**HOW TO COMPLETE THIS TASK**
Your answer should hold exactly the lines below from the line with "4) Also add" through the line with "Bedroom + Bathroom", both included, and no pictures at all.

**EXERCISE MATERIAL**

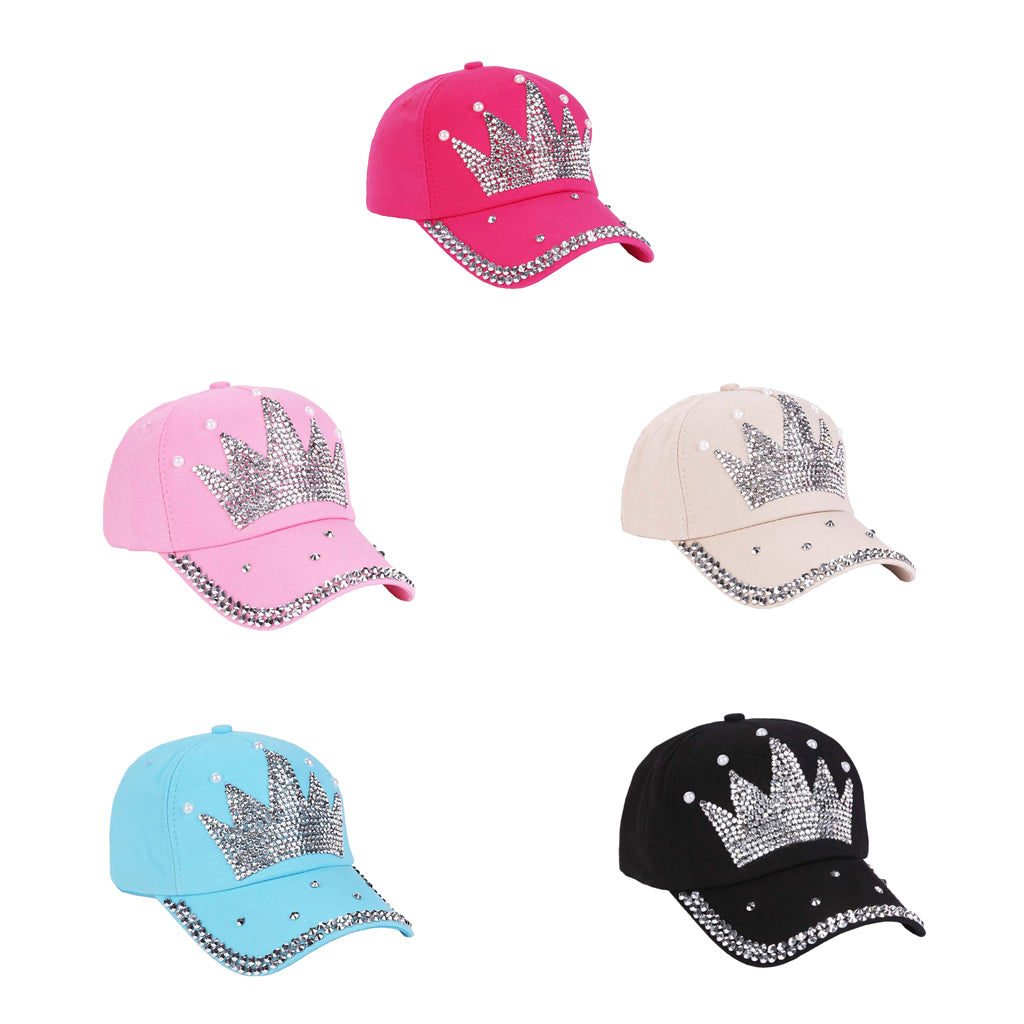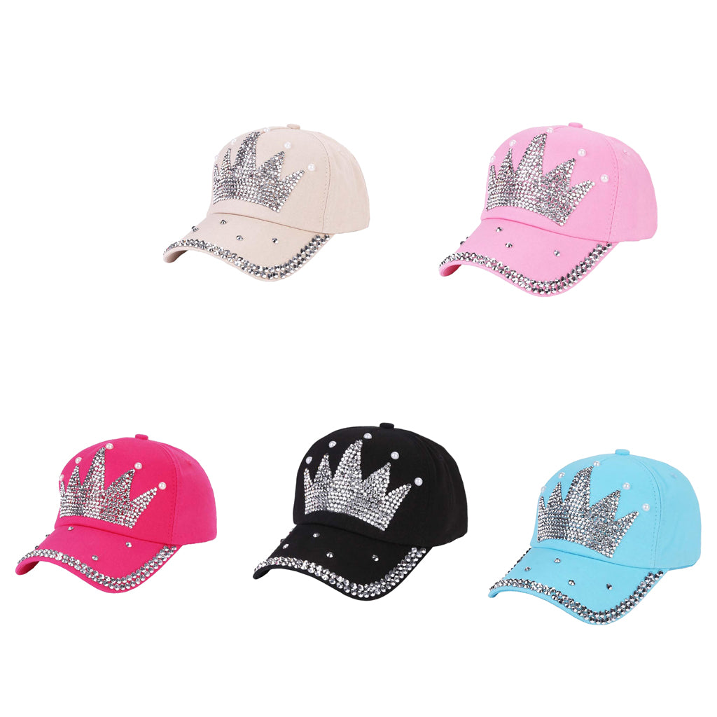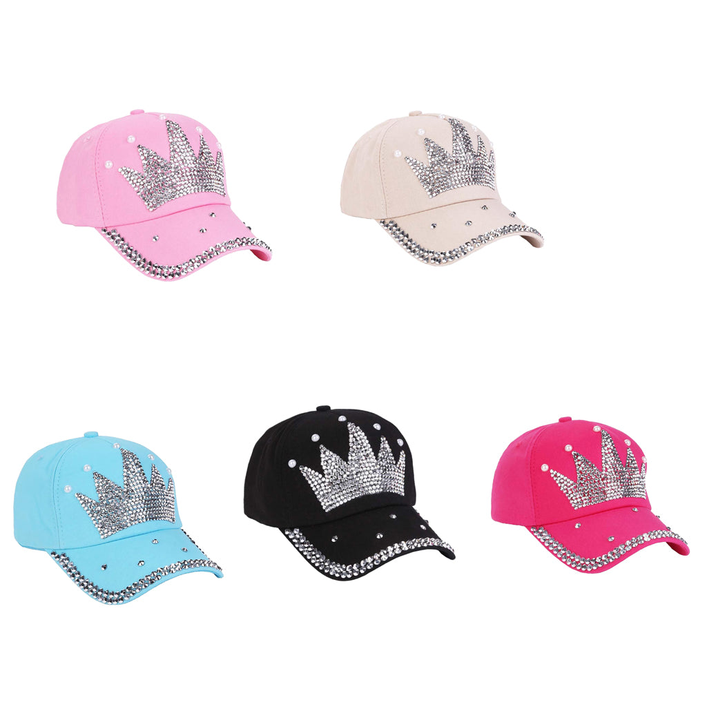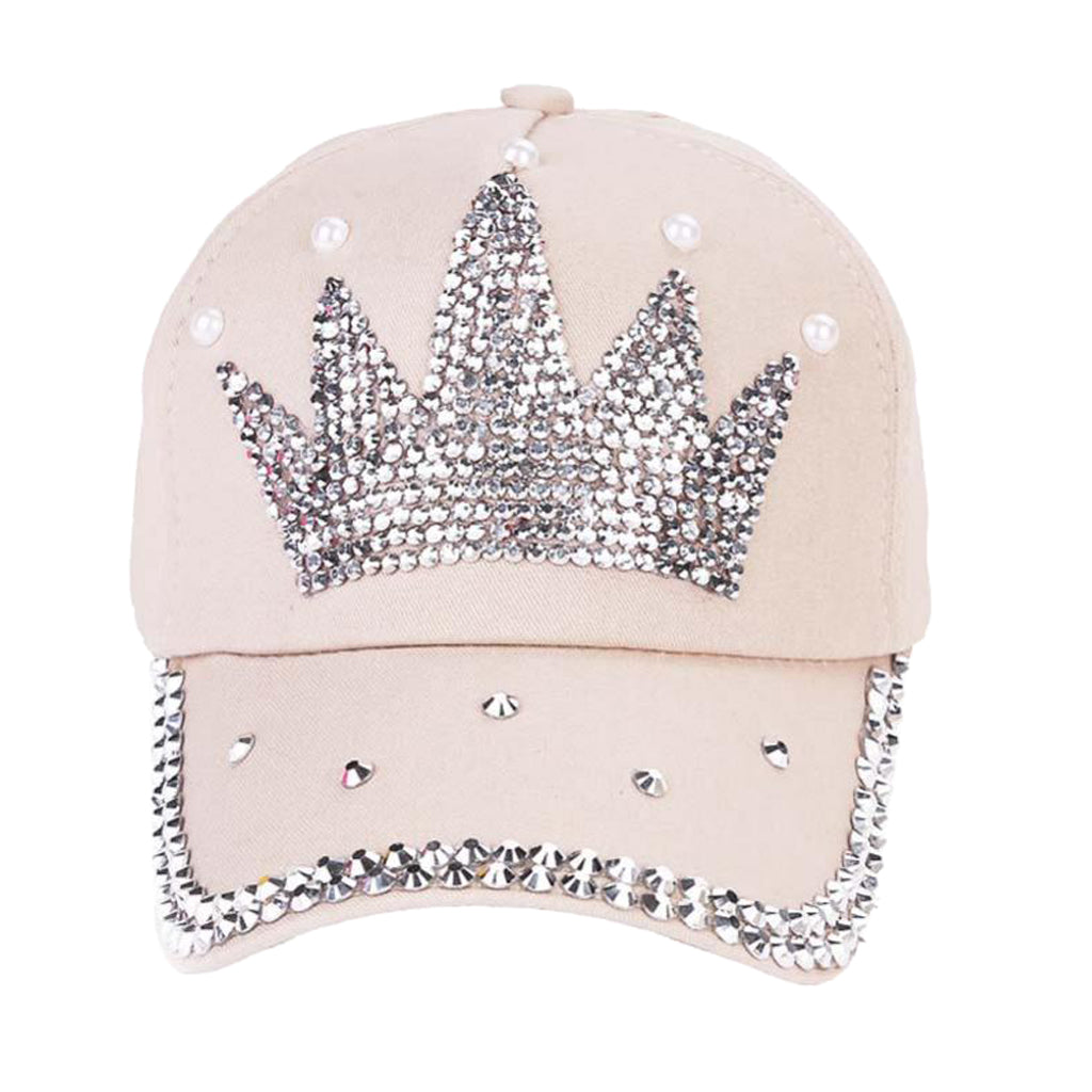 Womens Baseball Cap Crown Rhinestone Snapback Adjustable Sport Sun Hat Beige
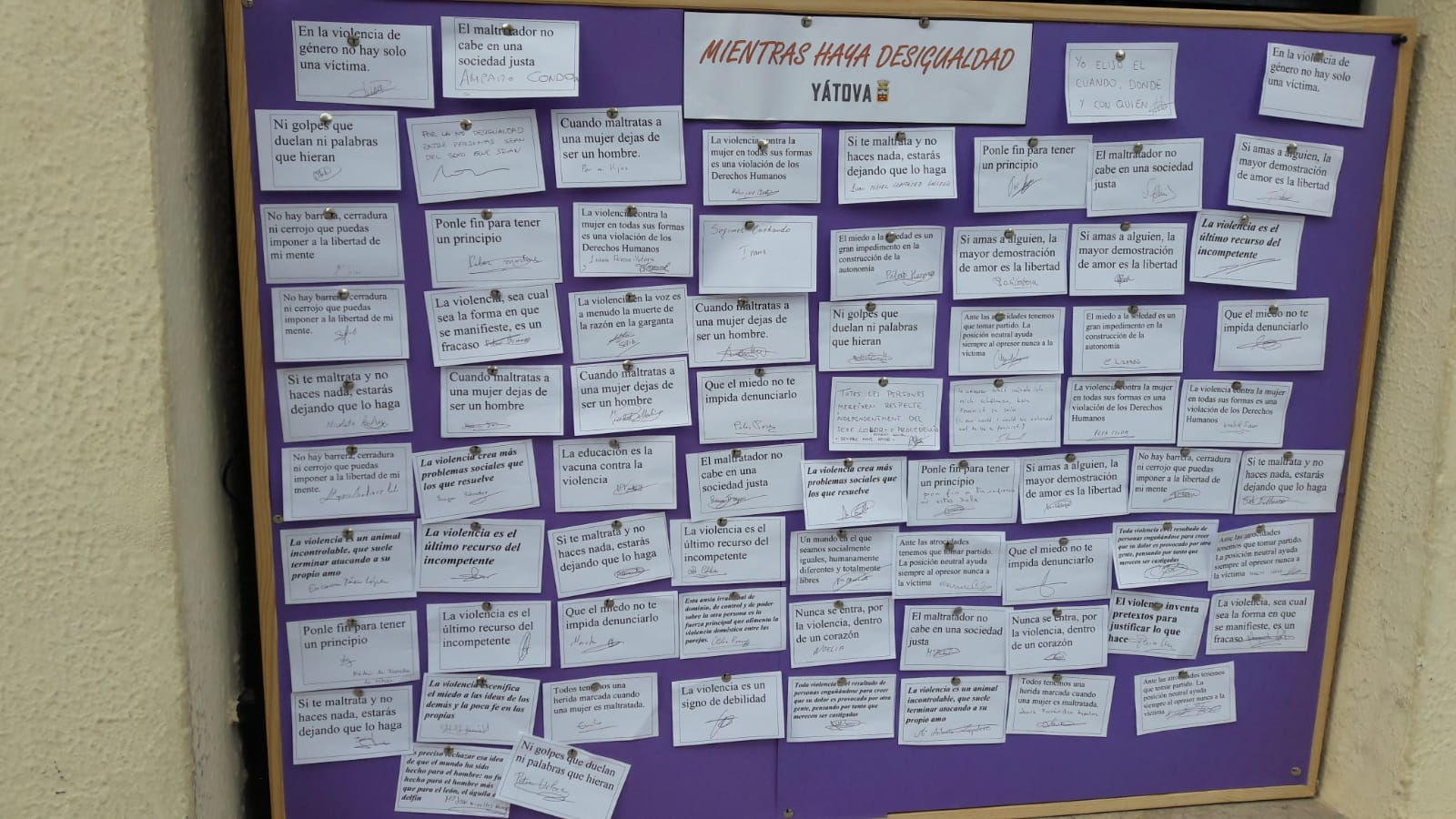 En palabras de la concejala de Salud, Servicios Sociales y Cultura, Pepa Gimeno,“estas campañas han surtido un gran impacto en Yátova con casi la totalidad de los comercios del municipio adscritos al pacto, así como en muchas personas que han querido hacerlo a título individual”. Por su parte, el alcalde, Miguel Tórtola, destaca que “el Ayuntamiento y el vecindario de Yátova se han volcado en realizar una condena unánime a esta violencia y en construir un pueblo más seguro para las mujeres”.
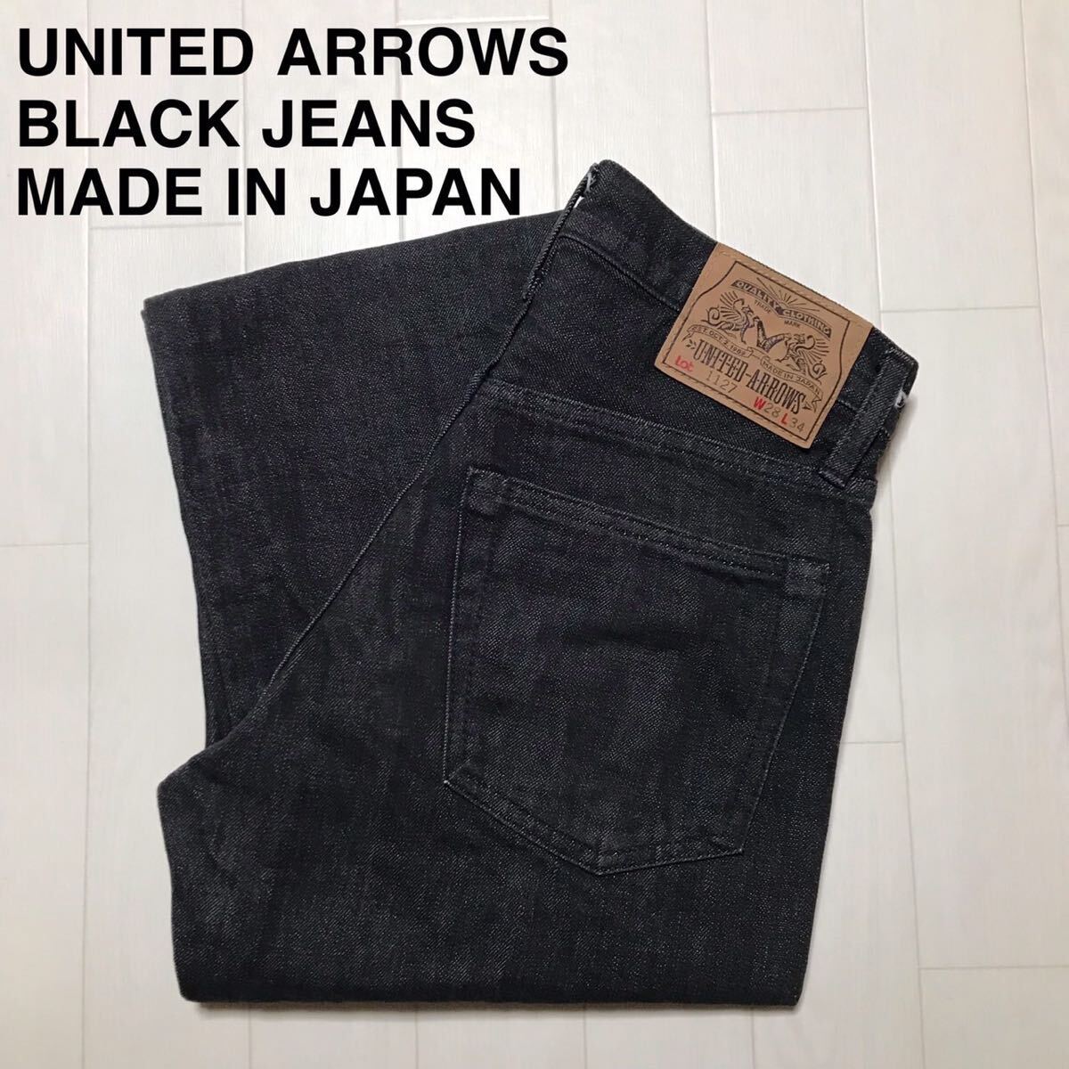 > 日本製 ユナイテッドアローズ ブラックデニム ジーンズ デニムパンツ 隠しリベット 赤耳 ドーナツボタン ボタンフライ 黒
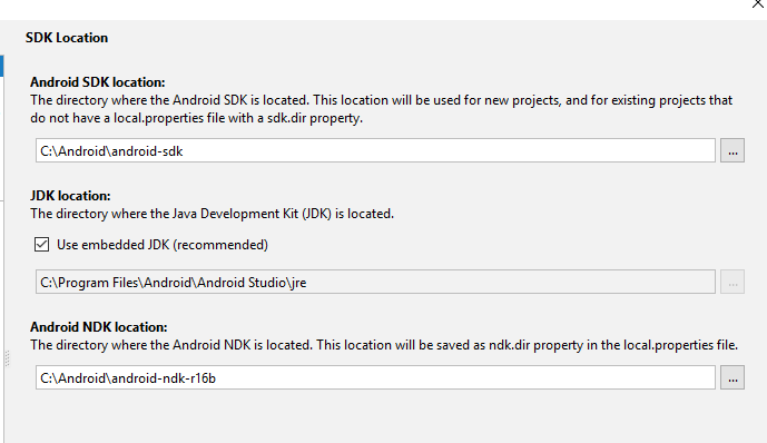 4) Also add NDK in Android-studio, go to "File" menu, than "Project Structure->SDK Location" and set the Android NDK Location
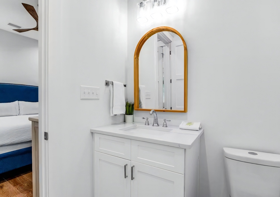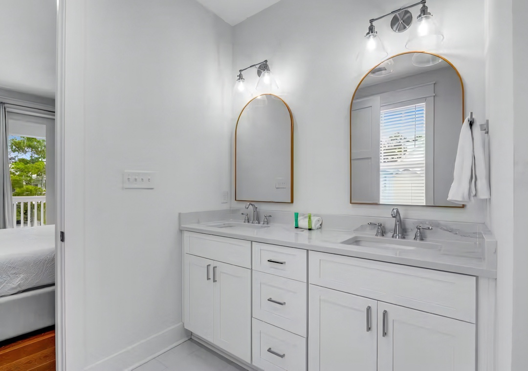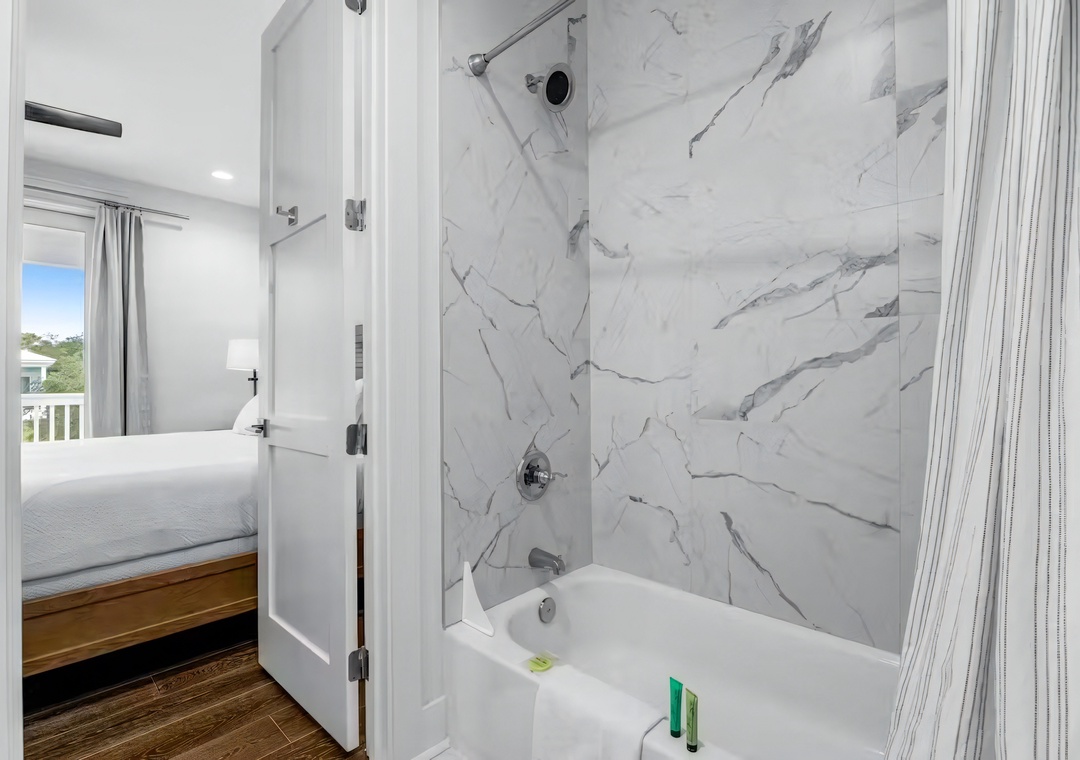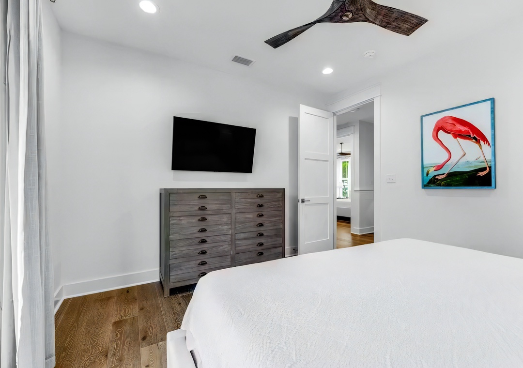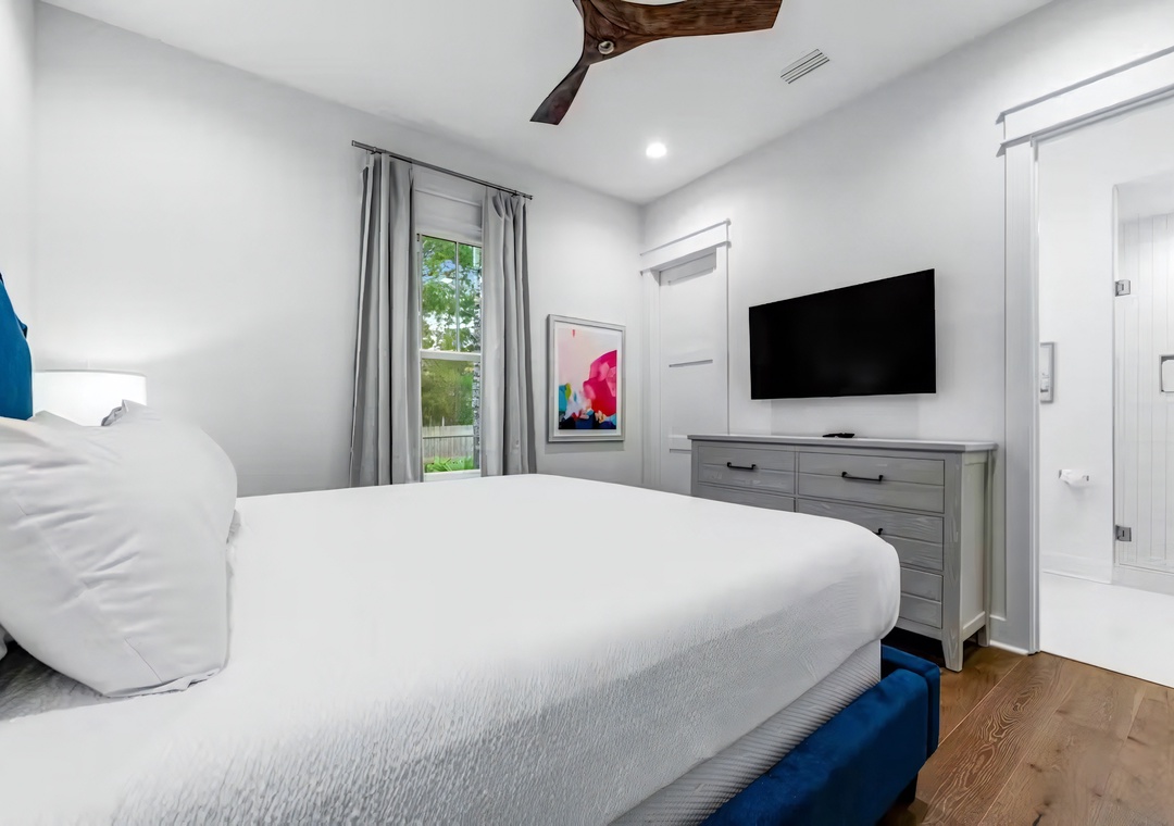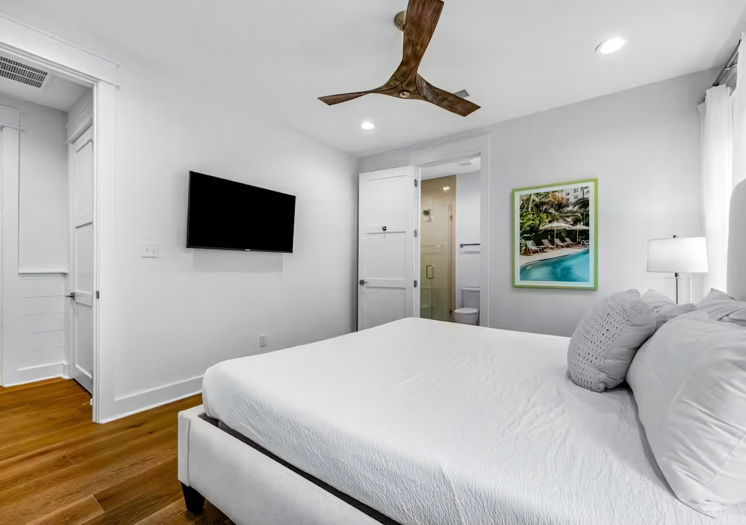 Bedroom + Bathroom #4: This bedroom includes a king-sized bed, 2 nightstands, a dresser, private closet, and flat-screen TV. It has direct access to the front balcony. There is a private bathroom attached with a Jack-and-Jill vanity and large walk-in shower.
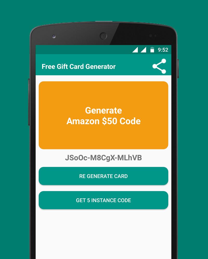 Now We Are Presenting Best Online Gift card Generator App for Android. With Our Online Gift Card Generator app you can Generate Free Gift Codes and Earn Free Discounts and Vouchers We are Generating Codes for Game, Commercial Website, Shopping website, Online Store, Wallet, and Google Play or Get Free Discount with Our Online Dummy Gift card Generator App Free Gift Card Generator That Will Easily generates Your Favorite Dummy Gift Card. We Support a variety of Different code For the Following Apps and Following are Discount Price or Voucher you can earn: # Free Amazon Gift card Generators # Free Spotify gift card Generator # Free GameStop Gift card Generators # Free Steam Wallet Gift Card Generators # Free Google Play Gift card Generators # Free EBay Gift Card Generators # Free ITunes Gift Card Generators # Free Game Twist Voucher Gift Card Generators # Free Xbox Gift Card Generators # Free PlayStation Gift Card Generators Discount Price and Voucher • $10, $15, $25 With Our Amazon Gift Card Generator • 3, 6, 12 Month With Our Spotify Gift card Generators • $25, $50 With Our GameStop Gift Card Generator • $20, $50, $100 With Our Steam Wallet Gift Card Generators • $10, $25, $50 With Our Google Play Gift Card Generators • $25, $50, $100 With Our EBay Gift Card Generators • $15, $25, $50 With Our ITunes Gift Card Generators • 10K, 50K, 100K With Our Game Twist Vouchers Gift Card Generators • $25, $50, $100 With Our Xbox Gift Card Generators • $10, $20, $50 With Our PlayStation Gift Card Generators Code Generated is dummy code. It may or may not work.
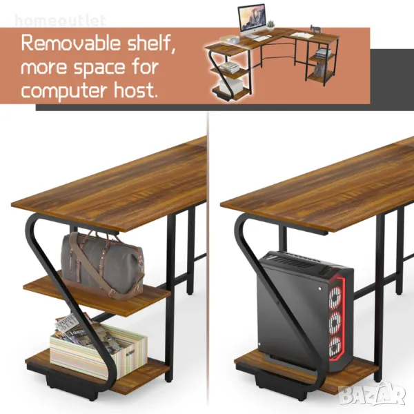 Височината на рафта се регулира, можете да премахнете средния панел, за да поставите по-високи неща, като например процесора.

**OUTPUT OF THE TASK**
 4) Also add NDK in Android-studio, go to "File" menu, than "Project Structure->SDK Location" and set the Android NDK Location
 Bedroom + Bathroom #4: This bedroom includes a king-sized bed, 2 nightstands, a dresser, private closet, and flat-screen TV. It has direct access to the front balcony. There is a private bathroom attached with a Jack-and-Jill vanity and large walk-in shower.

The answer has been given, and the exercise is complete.